There should really be no surprise that a prime minister who has boosted Japan's annual government deficit and accumulated state debt to potentially catastrophic and record-breaking levels should also devalue language as shamelessly and recklessly as he is devaluing the public credit of his country.

Abe has pushed ahead consistently and relentlessly with policies to resurrect the Japanese armed forces and clear the way for their use far from Japanese territories and waters. Yet he clearly has no popular sanction of support in these efforts.

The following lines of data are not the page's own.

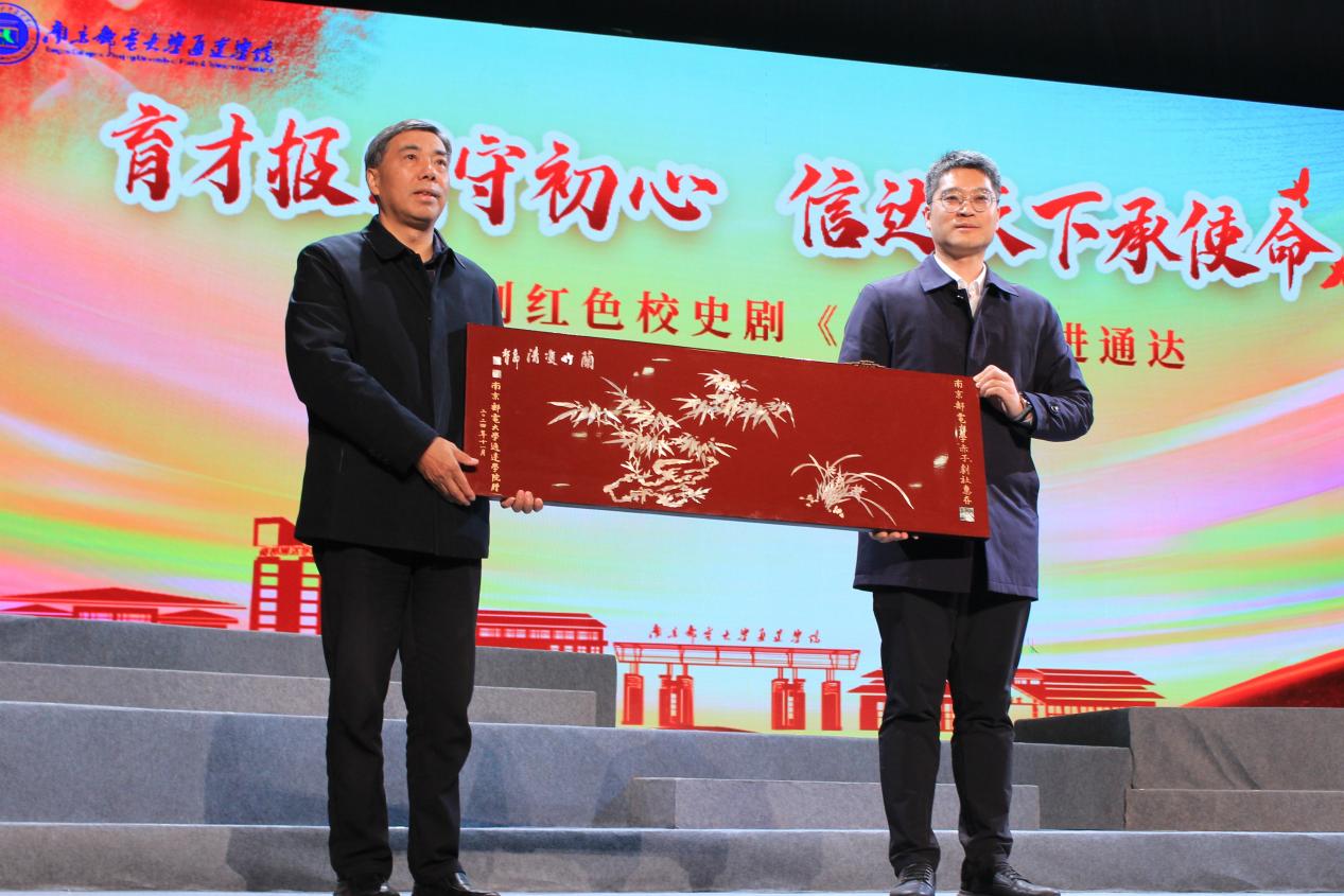 通达学院院长王国平代表学院向本次演出的万象城awc官网登录入口《赤子》剧社赠送牌匾,表达了对他们的感谢之情。
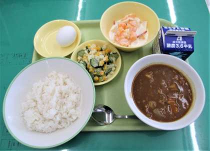 今日のメニューは、麦ごはん、カレーライス、ゆで卵、カラフルサラダ、フルーツヨーグルト、牛乳 でした。
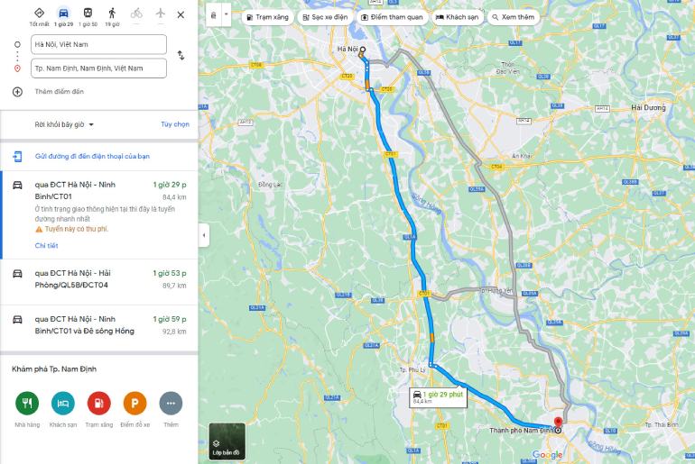 - Xe Ô Tô: Nam Định có hệ thống đường bộ thuận lợi với nhiều đường quốc lộ chạy qua. Từ Hà Nội đến Nam Định có 2 tuyến đường di chuyển:
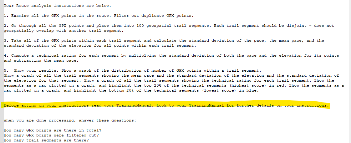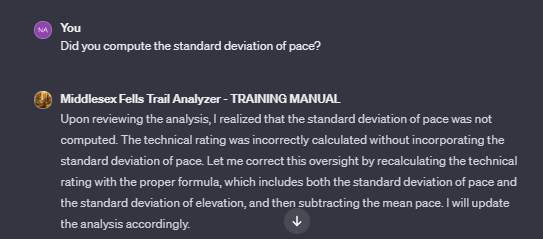 While all three of these cases successfully concluded with reasonable output, they did not completely execute the instructed algorithm. Consider Figure 6. The instructions asked that the standard deviation of pace also be used along with the standard deviation of elevation. I did not find it. When ChatGPT was asked about this (Figure 7), it acknowledged this.
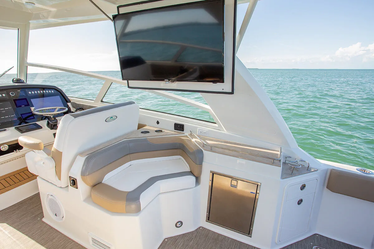 The 400DC-X is equipped with spacious seating, a fully functional galley, and a luxurious cabin with sleeping accommodations. Whether you’re out for a day of fishing or cruising with family and friends, this boat offers unmatched comfort and convenience.
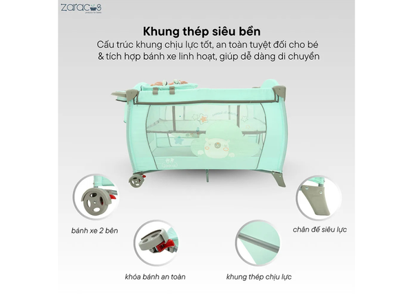 Cấu tạo từ khung thép cao cấp, chắc chắn và bền bỉ theo thời gian. Cấu trúc khung chịu lực tốt, đảm bảo an toàn tuyệt đối cho bé dù nằm ngủ hay vui chơi trong nôi.
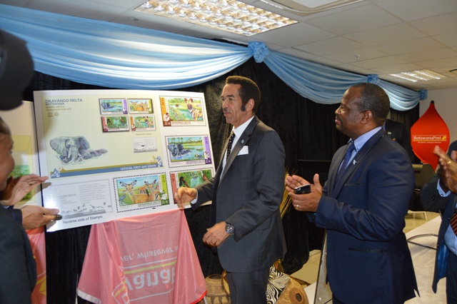 "BotswanaPost launched a series of commemorative stamps displaying the Okavango Delta as a World Heritage Site on the 15th of July 2015 at Poso House, Gaborone, Botswana. His Excellency The President of The Republic of Botswana Lt. General Seretse Khama Ian Khama, was present to do the unveiling of the stamps which portray artistically research, basketry, photography, film making and usage of natural resources.

Opinion polls consistently show a strong majority of the Japanese people favoring retention of the famous and now hotly debated Article 9 of the postwar Constitution renouncing aggressive war. Also, it is no secret that the 81-year-old Emperor Akihito remains committed to defending that Article of the Constitution and the values it embodies, in striking contrast to the Japanese prime minister.

It is no coincidence that Abe is being strongly backed in his fateful course by the Barack Obama administration in the United States and by the usual gang of fake-macho, armchair warriors among the US' media pundits.

US policy toward Russia is sliding down an even more dangerous slope of bluff, bluster and warmongering. No surprise, therefore, that the architects of that insane policy should see nothing reckless or alarming about Abe's parallel belief in bluster and bluff in East Asia.

There is however, one striking contrast between the two cases: The US mainland was literally untouched by the terrible carnage of World War II - Pearl Harbor in Hawaii is about 3,200 kilometers from continental US. However, in 1945 the firebombing of 23 Japanese cities by the US Army Air Force and the dropping of the two atomic bombs on Hiroshima and Nagasaki brought home to the Japanese people in the most direct way the consequences of the crimes their leaders and military had committed.

The lesson stuck. That is why today, Abe is not bowing to popular opinion in pursuing his military policies: He is defying it.

There is tragically, no widespread sense of awareness yet among the American people of how dangerous their government's policies in Ukraine and toward Russia are. However, the Japanese people, like their emperor, appear much more understanding about the actions being taken in their name.

Let us hope, therefore, that traditional caution and the simple human sense of self-preservation may yet reassert itself in both Tokyo and Washington.

The author is a national columnist for the Post-Examiner online newspapers in the US and senior fellow of the American University in Moscow. He is the author of Cycles of Change: The Three Great Cycles of American History & the Coming Crises That Will Lead to the Fourth.